Как-то я проходил мимо ресторана, был уже поздний час — открылась парадная дверь, и швейцар вытолкнул на широкие ступеньки какую-то подвыпившую фигуру, выбросил вслед шапку, и стеклянная дверь со звоном захлопнулась. Фигура подобрала шапку и стала громко стучать в закрытую дверь. Я остановился и стал смотреть от нечего делать. Фигура стучала настойчиво. Вдруг дверь распахнулась, и швейцар, ловко повернув фигуру за плечи, дал ей пинок под зад.
Фигура слетела со ступенек и воткнулась в сугроб. Шапка опять упала.
Швейцар застыл в дверях. Поза его не предвещала ничего хорошего.
Фигура выбралась из сугроба, отряхнулась, подобрала упавшую шапку и, назидательно подняв палец, обращаясь к швейцару, четко произнесла:
«И всегда буду стремиться!»
После чего, нахлобучив шапку, гордо удалилась в темноту.
Я пошел к себе в общежитие и все повторял: «И всегда буду стремиться».
Вскоре получаю письмо от одного ленинградского приятеля: в Ленинграде открывается набор на высшие курсы режиссеров кино.
«И всегда буду стремиться».
Мне выслали нужные книги, программу поступления, и я засел за подготовку.
— И вот, — Фалеев осклабился, выставив широкую грудь, и раскинул руки характерным жестом индийского божка, — могу вас всех пригласить в ресторан «Иртыш»!
— Мы стоим, — заглянув за желтые занавески, удивился Петя.
— Это, по-видимому, Бологое, — Бучинский поднялся и, отодвинув зеркальную дверь, вышел из купе. Вслед за ним потянулись серые нити табачного дыма.
Петя тоже выбрался в коридор. Длинный ряд лампочек светился вполнакала. Петя попытался открыть окно. Оно не поддавалось.
— Давайте-ка, — Фалеев отодвинул Петю плечом, ухватился за металлические скобы оконной рамы и потянул с таким усилием, что суставы пальцев побелели. Рама медленно поползла вниз.
Дохнуло сырым холодом.
В призрачном тумане угадывался край перрона, за ним темный провал рельсовых путей, и еще дальше и выше над провалом расплывались станционные огни.

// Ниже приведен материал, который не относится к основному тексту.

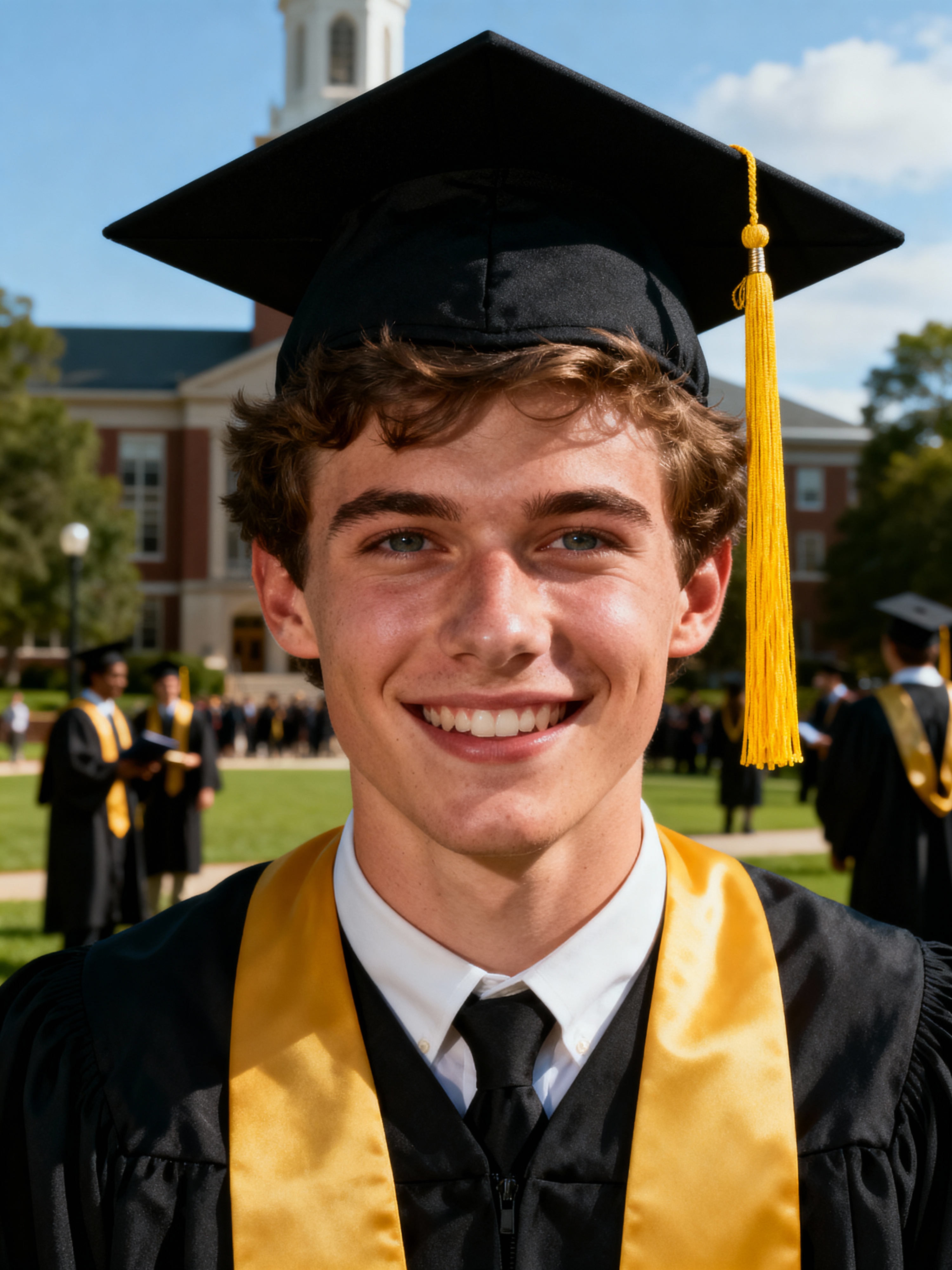 happy model in Graduation Ceremony wearing a square black Graduation Cap with yellow tassel at college

Там, за туманом, Пете вдруг вообразились суровые северные страны, где на жесткой, промерзшей земле стынут между редких сосен крутые каменные глыбы-валуны, где из низких, бревенчатых, крытых красной черепицей домиков выходят в этот предрассветный туман высоченные голубоглазые блондины с колючими рыжими бородами, раскуривают на сыром ветру трубки — табак «Клан», ни с чем не смешанный, — и враскачку, потому что все они моряки, направляются к темным прибрежным скалам, к фиордам — и смотрят оттуда вдаль, в море, северное, конечно.
Блондины дымят трубками, друг с другом не разговаривают — все они очень молчаливые, — пока кто-нибудь не спеша не освободит рот от теплой трубки и не промолвит басом: «Грумант» (это такой остров), — тогда все сурово закивают головами и…
Где-то за станцией испуганным птичьим голосом крикнула паровозная сирена. И сразу же близко, совсем рядом, зашаркали и застучали шаги.
По перрону, вдоль вагонов, тесно друг к другу двигались какие-то люди. Подпрыгивая и дрожа, приближался свет карманного фонарика.
Мимо окон, тяжело ступая, в ногу прошли санитары с носилками. Женщина в халате и в белой шапочке — наверное, врач, — нагибаясь к носилкам, торопливо поправляла на ходу темное, с белыми разводами одеяло, кого-то укутывала.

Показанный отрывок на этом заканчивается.